The Commission of Inquiry on Enforced Disappearances has received 76 new complaints of missing persons in March, the monthly report released by the commission revealed. The commission received a total of 158 missing persons for the year 2022: 34 cases were lodged in January while 48 in February.
The commission statistics for the month of March added that the commission traced 38 persons last month – of whom 35 persons returned to their homes, one confined in jail while dead bodies of two persons were also found whose reports were lodged with the commission. The Commission statistics indicate that a total of 23 cases were deleted due to not being deemed to be cases of enforced disappearance.
As per the data of cases from March 2011, when the commission was established, up till March 2022, the commission received 8,463 complaints related to enforced disappearances, out of which it has disposed of 6,275 cases, while the whereabouts of 2,266 persons could not be ascertained during the course of inquiry.
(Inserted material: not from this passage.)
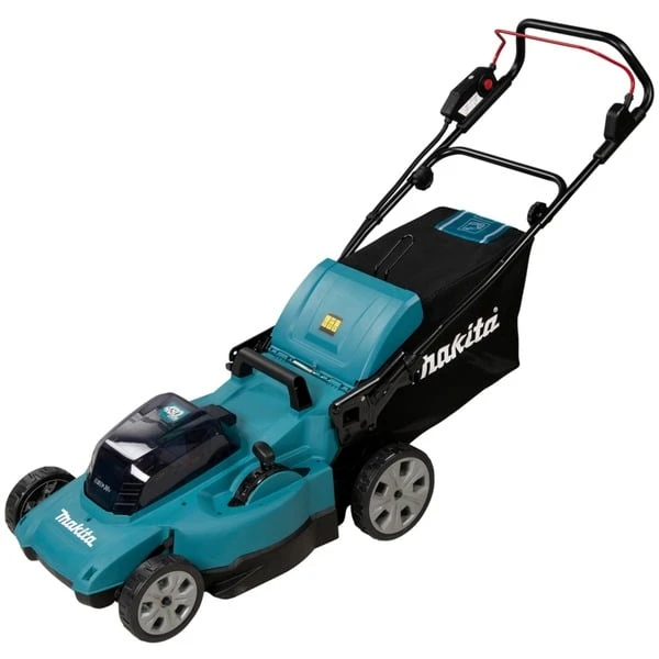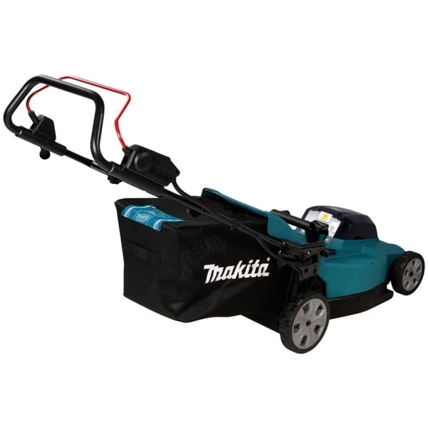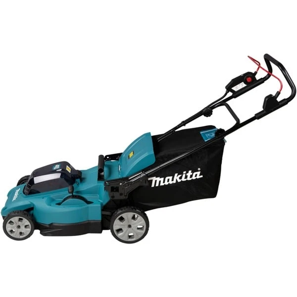 Der Makita Akku-Rasenmäher DLM480CT2 bietet eine Schnittbreite von 48cm und eignet sich für mittelgroße Rasenflächen. Der geräuscharme Mäher verfügt über einen Grasfangsack mit Füllstandsanzeige, Hard-Top + Bodenplatte und einen umklappbaren Holm. Die Bügelgriffhöhe kann in zwei Stufen eingestellt werden. Die Akku-Ladestandanzeige ist gut sichtbar direkt am Führungsholm angebracht. Die Sanftanlauf-Funktion des DLM480CT2 reduziert Anlaufstöße auf ein Minimum und sorgt für ein ruckfreies Anlaufen des bürstenlosen, wartungsfreien und langlebigen Motors. XPT (Extreme Protection Technology) schützt den Mäher gegen Staub und Spritzwasser, auch unter harten Bedingungen.Art.-Nr.: 100054861

The commission took up the case of Muhammad Nabi Marri & Muhammad Khan Marri, residents of Quetta, At the hearing held in this case at Quetta, SP Quaid Abad Quetta informed the commission that incidents of alleged enforced disappearance occurred on 11 April 2012, while dead bodies of both were found in the Maidan of Killa Firozabad, Sariab Road, Quetta last year. The dead bodies of both were handed over to legal heirs after the issuance of death certificates by the Medical-Legal Officer.
The data shows that since the establishment of the commission, a total of 3,319 people returned to their homes, 940 were confined in internment centres of the Pakistan Army, 585 were imprisoned in jails and dead bodies of 230 people were also found.
Out of a total of 940 persons confined in different internment centres in the country, 91 belong to Punjab, 791 are from Khyber-Pakhtunkhwa, 41 are from Sindh, 21 are residents of the federal capital Islamabad, two are from Baluchistan, three are from Azad Jammu and Kashmir (AJK), and one person belongs to Gilgit-Baltistan.
The Commission also took up the case of Mossa Jan son of Samand Khan, a resident of Quetta. Moosa Jan appeared before the Commission and his statement was recorded on oath, in which he stated that he was picked up and taken away blindfolded on 14 December 2021 by unknown persons. He further deposed that he was set free on 23 February 2022 at Akhtar Abad, Quetta, adding that hence no further action is required.
As per the data of cases from March 2011, when the commission was established, up till March 2022, the commission received 8,463 complaints related to enforced disappearances, out of which it has disposed of 6,275 cases, while the whereabouts of 2,266 persons could not be ascertained
The commission took up the case of Sikandar Khan son of Pir Bakhsh, a resident of Quetta, and he appeared before the commission. His statement was recorded on oath, in which he stated that he was abducted in front of his house, blindfolded by three or four persons, who came in a car, and kept him at some unknown place in a small room – from where he was set free at Quetta Bazaar after 45 days.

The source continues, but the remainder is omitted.